Les rapporteurs pour avis

Trois autres commissions parlementaires vont rendre un avis sur le projet. Avec là encore un net portage de la droite du Parlement européen.

Ivars Ijabs (PE)

IMCO. Le libéral Letton Ivars Ijabs (LA/Renew) est rapporteur pour la commission marché intérieur. Son projet de rapport, daté du 19 décembre, doit être examiné fin janvier et son adoption est prévue fin mars. La commission IMCO (marché intérieur) obtient le statut de commission associée selon l'article 57, avec un "+" pour l'exclusivité d'examen de certains articles. Lire son opinion : [Actualité] EDIRPA : la commission IMCO favorable à une ouverture aux pays tiers

Assistants : Karlis Ralfs Lapins, Peteris Vinkelis.

Karlo Ressler (PE)

BUDG. Le Croate Karlo Ressler (HDZ), du PPE, pour la commission Budgets. Un jeune rapporteur déjà chevronné sur les questions budgétaires, pour son premier mandat (il était tête de liste du HDZ pour les Européennes de 2019). Ancien assistant parlementaire de l'actuel premier ministre Andrej Plenkovic, il a également été son conseiller pour les questions juridiques et politiques. Diplômé de la faculté de droit de de Zagreb.

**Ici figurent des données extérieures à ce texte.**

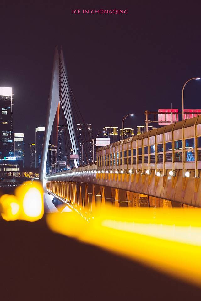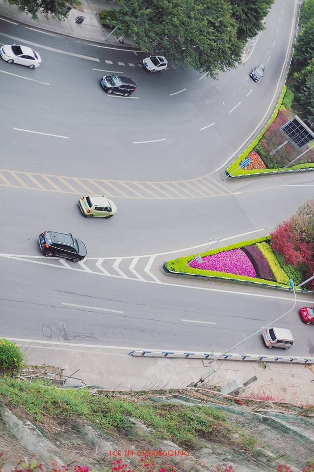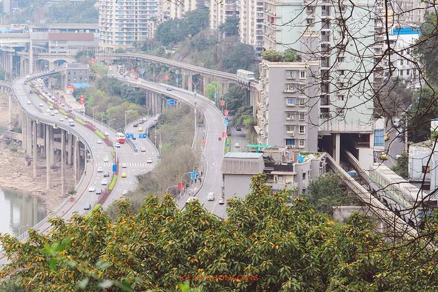 说是傲娇可能是因为天生优越的地理位置吧,这里是2、3号线的交汇处,抬头是渝澳大桥,平视是穿楼而过的李子坝,而低头是轻轨汽车交错而过的景象,无需额外的装饰,夜幕降临的时候,往围栏上一俯,此刻,你会觉得自己是人生赢家。

Assistants : Leon Leskovec, Ivona Lukac, Tomislav Teski.

Monika Hohlmeier (PE)
Monika Hohlmeier (PE)

CONT. La présidente de la commission Contrôle budgétaire, l'Allemande Monika Hohlmeier (CSU), également du PPE, a la main.

Née à Münich, elle a baigné toute petite dans la politique puisque son père n'est autre que Franz Josef Strauss, un des fondateurs, en 1946, du parti bavarois de la droite allemande (CSU), ayant servi dans la défense anti-aérienne durant la guerre, et qui sera ministre de la Défense sous Konrad Adenauer.

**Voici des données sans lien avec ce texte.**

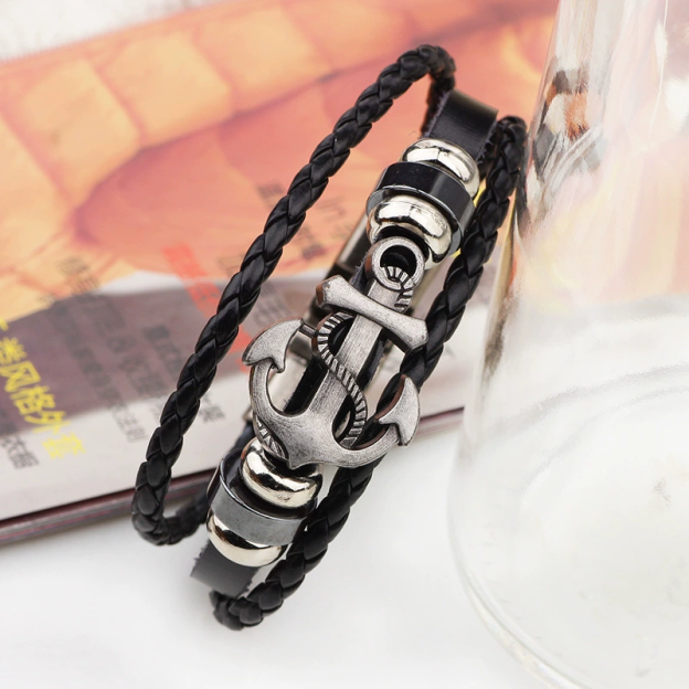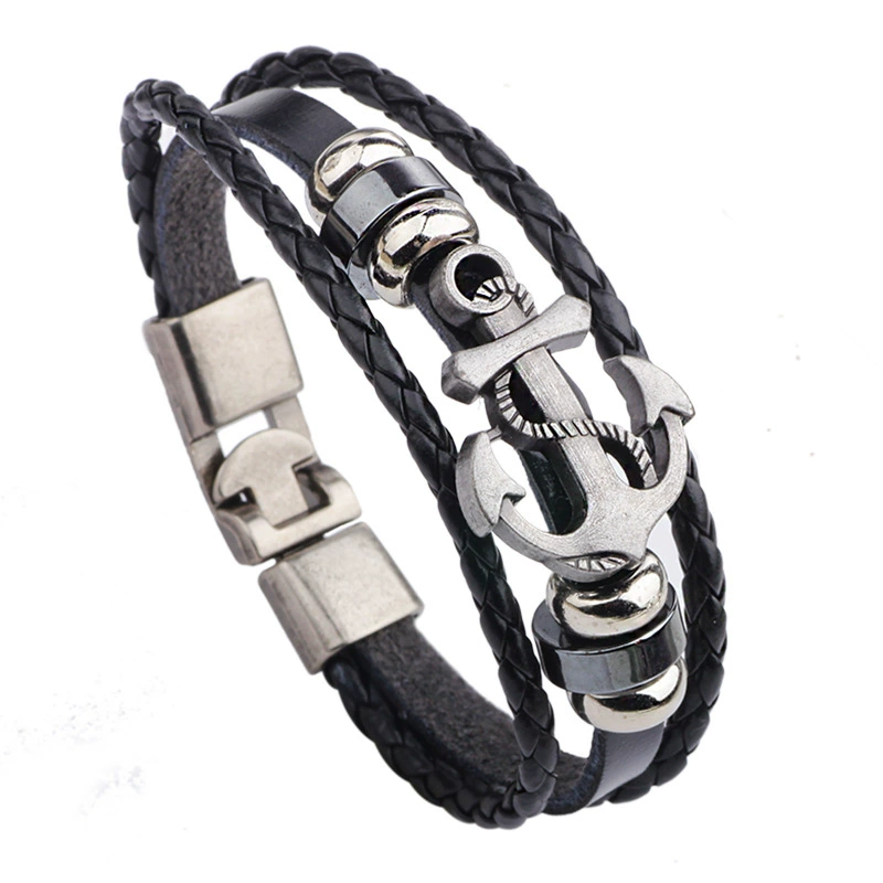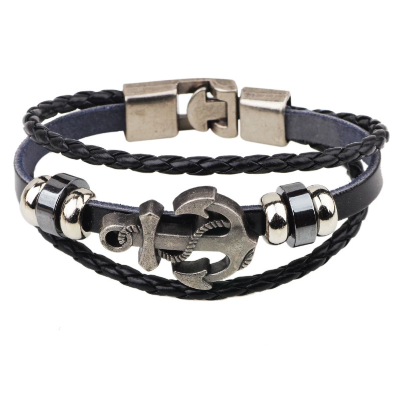 Vintage Anchor Multi - layer Braided Versatile Cowhide Leather Bracelet

Elle a commencé très tôt sa carrière politique, entrant dès 16 ans à la CSU. Elle exerce aujourd'hui son quatrième mandat au Parlement européen. Expérimentée, excellente connaisseuse des questions budgétaires, c'est aussi une redoutée pourfendrice de toutes les fraudes et gaspillages financiers (elle a été membre ainsi de la commission spéciale sur la crise financière grecque). Gare à celui ou celle qui n'arrive pas bien à justifier l'emploi de l'argent européen.

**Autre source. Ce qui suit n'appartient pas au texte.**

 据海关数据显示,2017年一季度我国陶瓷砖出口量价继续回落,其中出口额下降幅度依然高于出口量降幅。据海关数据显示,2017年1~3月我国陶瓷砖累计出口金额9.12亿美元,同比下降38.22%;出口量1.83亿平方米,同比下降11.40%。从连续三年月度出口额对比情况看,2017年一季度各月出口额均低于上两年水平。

Assistants : Tara Joanne Baynes, Annkatrin Mies, Patrick Sandmann, Katharina Christine Schlenker.

(Emmanuelle Stroesser, avec NGV)


Calendrier parlementaire

Après le premier projet d'avis rendu par le rapporteur IMCO rendu le 14 décembre (Lire : [Actualité] EDIRPA : la commission IMCO favorable à une ouverture aux pays tiers), le coup d'envoi est lancé pour l'examen parlementaire. Un calendrier fixé d’un commun accord entre les rapporteurs de la commission ITRE (J. Krasnodebski) et la sous-commission SEDE (M. Gahler). Voici les premières dates connues.

— 23/24 janvier 2023. Présentation du projet d'avis en IMCO ;

— 8 février 2023 midi. Date limite pour le dépôt des amendements ITRE/SEDE ;

— 20 mars 2023. Examen des amendements en commission conjointe ITRE/SEDE ;

— 27/28 mars 2023. Adoption de l'avis en IMCO ;

— 24/25 avril 2023. Adoption du rapport conjoint ITRE/SEDE.